PEHRT: A Common Pipeline for Electronic Health Record (EHR) Data Harmonization for Translational Research

Overview

PEHRT assumes that researchers are familiar with their EHR data sources, including documentation, data structure, and coding systems. It supports both structured data (e.g., patient IDs, diagnoses, medications, lab results) and unstructured data (e.g., clinical notes, radiology reports) stored in text format. The data must be housed in a relational database but doesn’t need to follow a common data model (CDM).

The PEHRT framework integrates structured and unstructured healthcare data across multiple institutions through three modules: (i) data cleaning, (ii) representation learning, and (iii) automated harmonization. These processes support downstream applications such as phenotyping, risk prediction, and federated learning.

Equipment and Software Requirement

Computing and Storage Requirements for EHR Data Processing

The required resources depend on the dataset’s scale:

  • Moderate-sized datasets (e.g., ~100,000 patients): A machine with 64GB RAM and 6-12 cores is typically sufficient.
  • Large datasets (millions of patients): Consider using either:
    • Multiple nodes with 64GB RAM each, or
    • Single nodes with 1TB storage and 128 cores.

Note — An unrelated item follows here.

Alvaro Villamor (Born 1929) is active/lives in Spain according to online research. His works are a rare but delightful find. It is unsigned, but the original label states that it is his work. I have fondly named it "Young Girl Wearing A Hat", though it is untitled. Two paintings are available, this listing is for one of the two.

Estimate the minimum disk space and RAM based on the dataset size for tasks like cleaning and processing.

Software Recommendations for EHR Data Processing

  • Data Extraction and Cleaning:
    Use Python for extracting and cleaning data from SQL databases.

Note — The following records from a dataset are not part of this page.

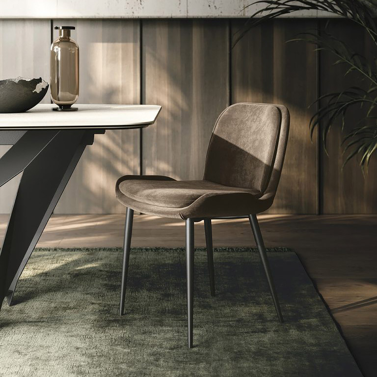 Колекция Cadira, Sovet. Модерен италиански трапезен стол с метална основа и тапицерия от кожа или текстил. а>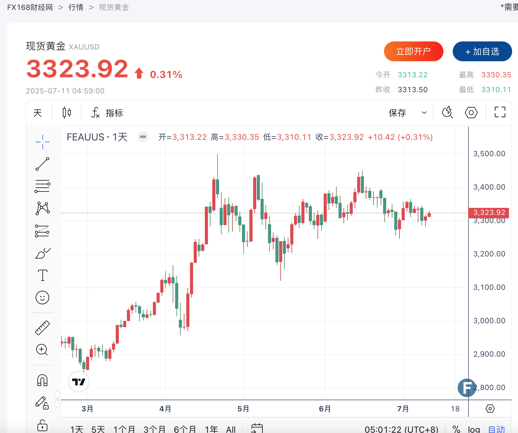 (现货黄金走势图,来源:FX168)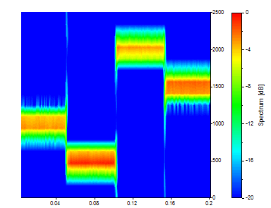 Ces paramètres produisent sept instantanés temporels, chacun d'une durée de 0,05 seconde. Il existe 129 fréquences. Alors qu'il y a une définition nette des composantes aux fréquences de 500, 1000, 1500 et 2000, la nature séquentielle des quatre harmoniques est obscurcie par la très mauvaise définition dans le temps. De plus, comme le temps attribué à un instantané est le temps moyen dans le segment, il y a une zone appréciable aux deux bornes temporelles où aucune information spectrale n'est disponible.

  • NLP-based Processing of Unstructured Clinical Notes:
    Tools like NILE, cTAKES, HITEx, MedTagger, MetaMap, OBO Annotator, or Stanford CoreNLP are ideal for tasks such as:

    • Named Entity Recognition (NER): Identifying clinical conditions, symptoms, medications, lab tests, etc.
    • Semantic Analysis: Extracting relevant clinical concepts from notes.
  • Computational Libraries for Post-Processing:
    Depending on the dataset size, consider Python libraries like Pandas for standard processing or Dask for parallel processing to efficiently handle large datasets.